RECORDED DATA:
^^^^^^^^^^^^^^^^
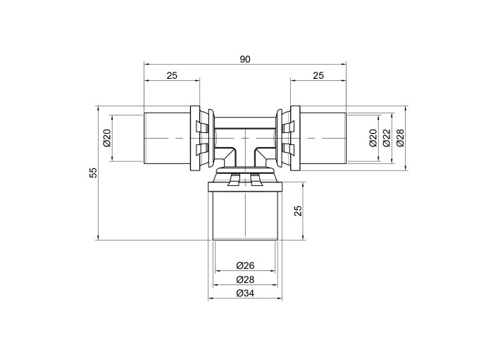 Трійник прес Icma 20х26х20 №406
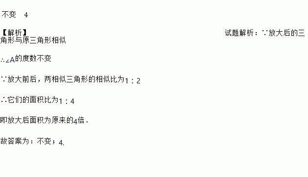 一个2倍放大镜去看△ABC,则∠A的大小___;面积大小为原来的___倍.
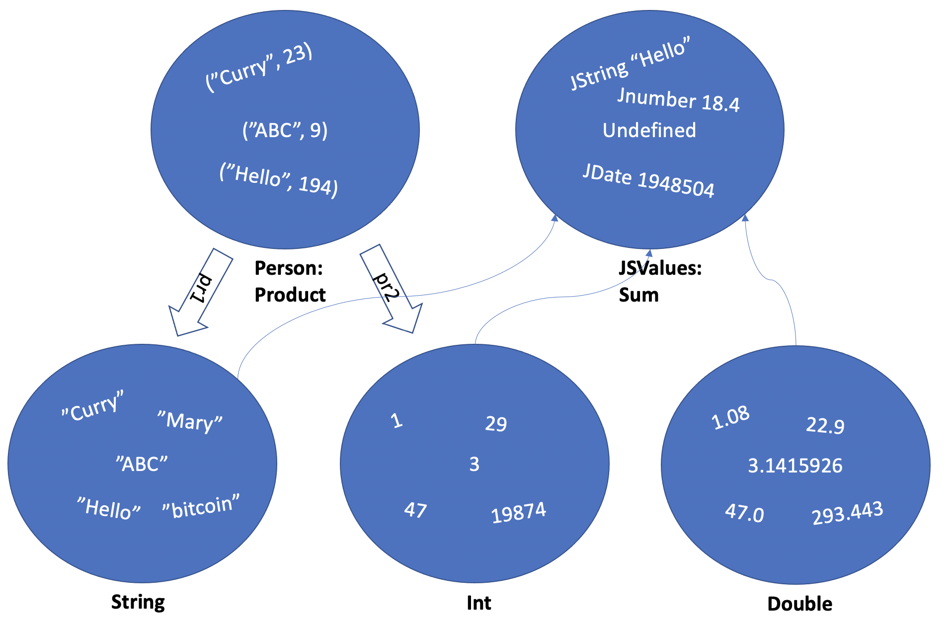Now, this is interesting - we have combined three types that “store” a String, an Int and a Double inside a constructor and add a simple value “Undefined” as the fourth possible value. It means that values like JString "hello world", JDate 12345225 (which is quite a long time ago), JNumber 3.141 and Undefined are all valid values of the type JSValues. This is a sum type.
^^^^^^^^^^^^^^^^
EXERCISE DESCRIPTION:
Your answer must be the full listing, word for word, minus any images.

SOLUTION TO THIS EXERCISE:
 Трійник прес Icma 20х26х20 №406
 一个2倍放大镜去看△ABC,则∠A的大小___;面积大小为原来的___倍.
Now, this is interesting - we have combined three types that “store” a String, an Int and a Double inside a constructor and add a simple value “Undefined” as the fourth possible value. It means that values like JString "hello world", JDate 12345225 (which is quite a long time ago), JNumber 3.141 and Undefined are all valid values of the type JSValues. This is a sum type.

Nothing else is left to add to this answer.